Mill expansion in the future will include a de-inking process and a second paper machine. Therefore, expandability of the wastewater treatment plant was also a consideration during the technology selection. The fact that an SBR system can be easily expanded by the construction of new basins, as needed, was a determining factor in its selection.
A contract between Shanghai Xin Lun Paper and ADI Systems Inc. was signed in January 2000. ADI supplied the process design, assisted with equipment and site layout, and supplied equipment including its proprietary stainless steel decanters, fine bubble aeration system, selected control valves and nutrient metering pumps, control logic diagrams and start-up assistance.

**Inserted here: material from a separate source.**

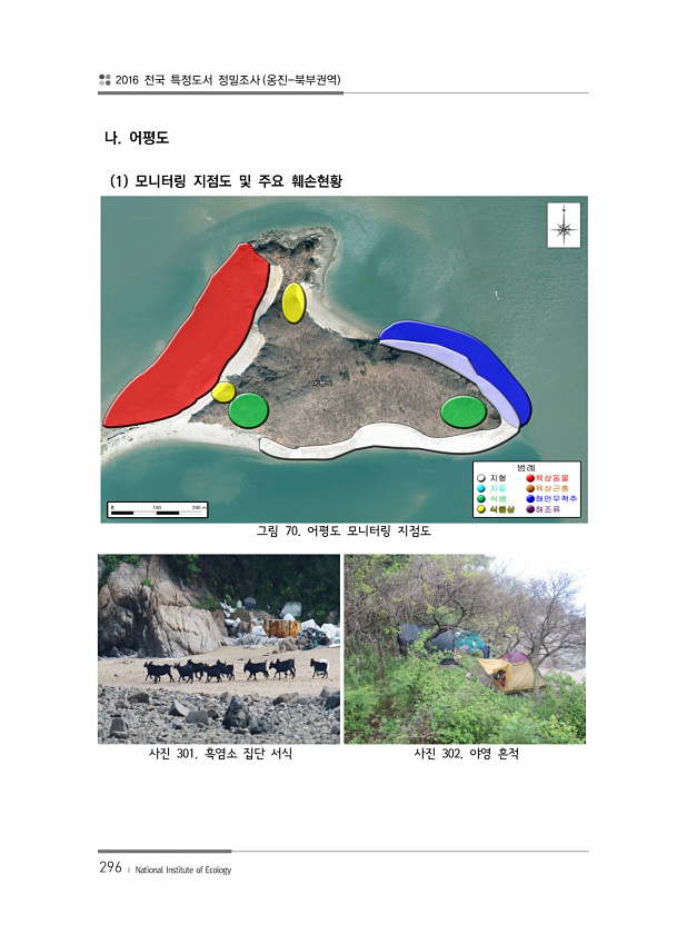 2016 전국 특정도서 정밀조사 옹진-북부권역 296 ? National Institute of Ecology 나. 어평도 1 모니터링 지점도 및 주요 훼손현황 그림 70. 어평도 모니터링 지점도 사진 301. 흑염소 집단 서식 사진 302. 야영흔적
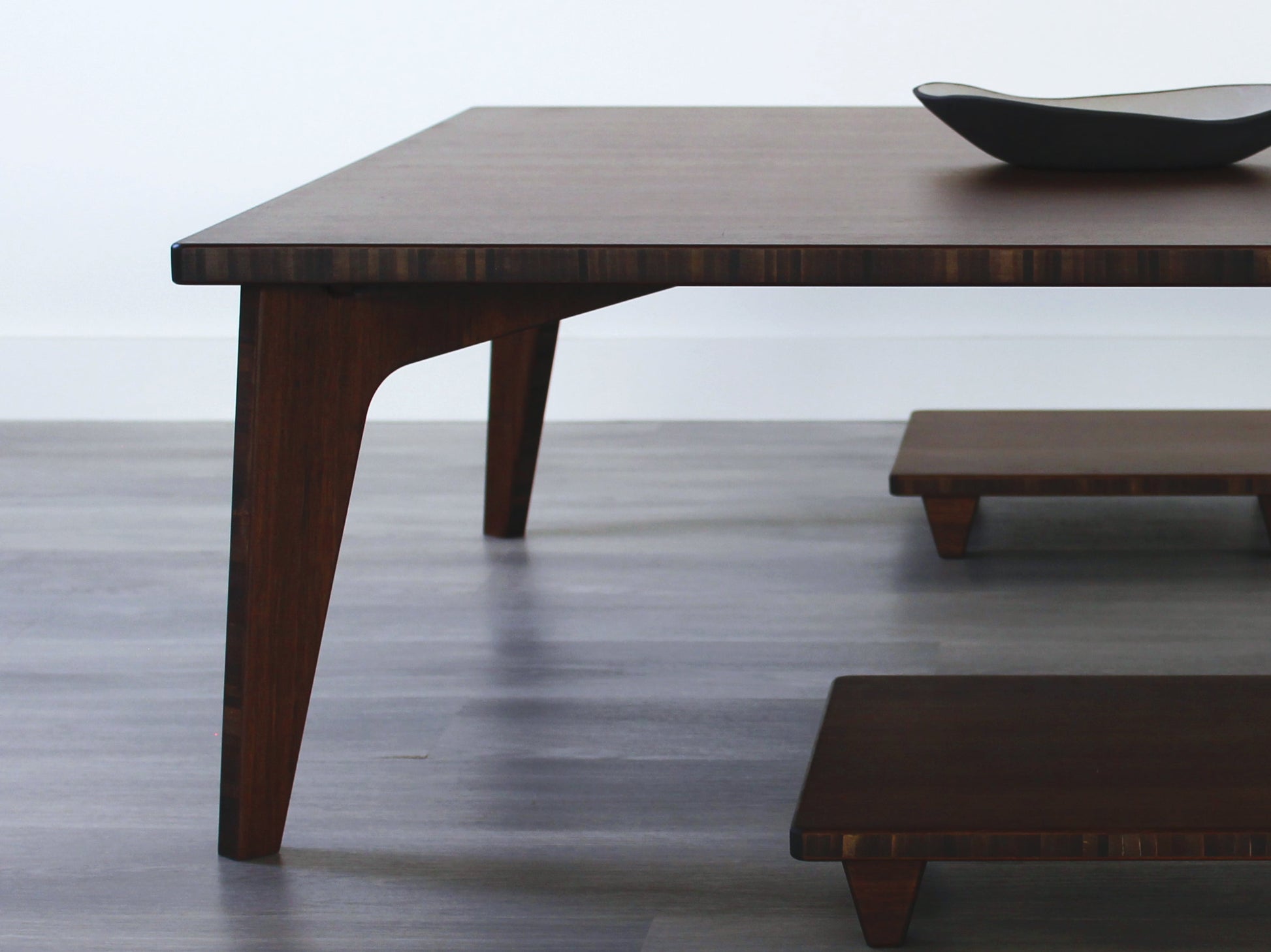 One of our most spacious LOW Tables, designed to be the ultimate versatile piece for your living space. Crafted from sustainable bamboo, this table showcases a smooth, walnut finish that highlights the bamboo’s unique grain, adding warmth and elegance to your decor.

Partners on the project included the mill, which provided project and construction management, Changsha Designing Institute of Light Industry for detail design, and Hunan Systems Computer Company Limited for programming. ADI also participated in the planning and layout of the future expansion of the wastewater treatment plant.
Present design wastewater characteristics are tabulated below:
Flow, average 15 000 m3/d
COD, average 800 mg/L
BOD, average 400 mg/L
TSS, average 400 mg/L
Construction was carried out on a fast-track basis starting in May 2000 with substantial completion by August 2000. The plant was started up in September 2000.
The treatment system includes coarse and fine screening, pumping station, primary clarifiers, equalization basin, pumping station, and nutrient addition system. It also includes an SBR comprised of two 10,800 m3 basins and centrifugal blowers for supplying air to a grid of fine-bubble, sock-type diffusers, and a combined primary/secondary sludge dewatering facility (belt filter presses).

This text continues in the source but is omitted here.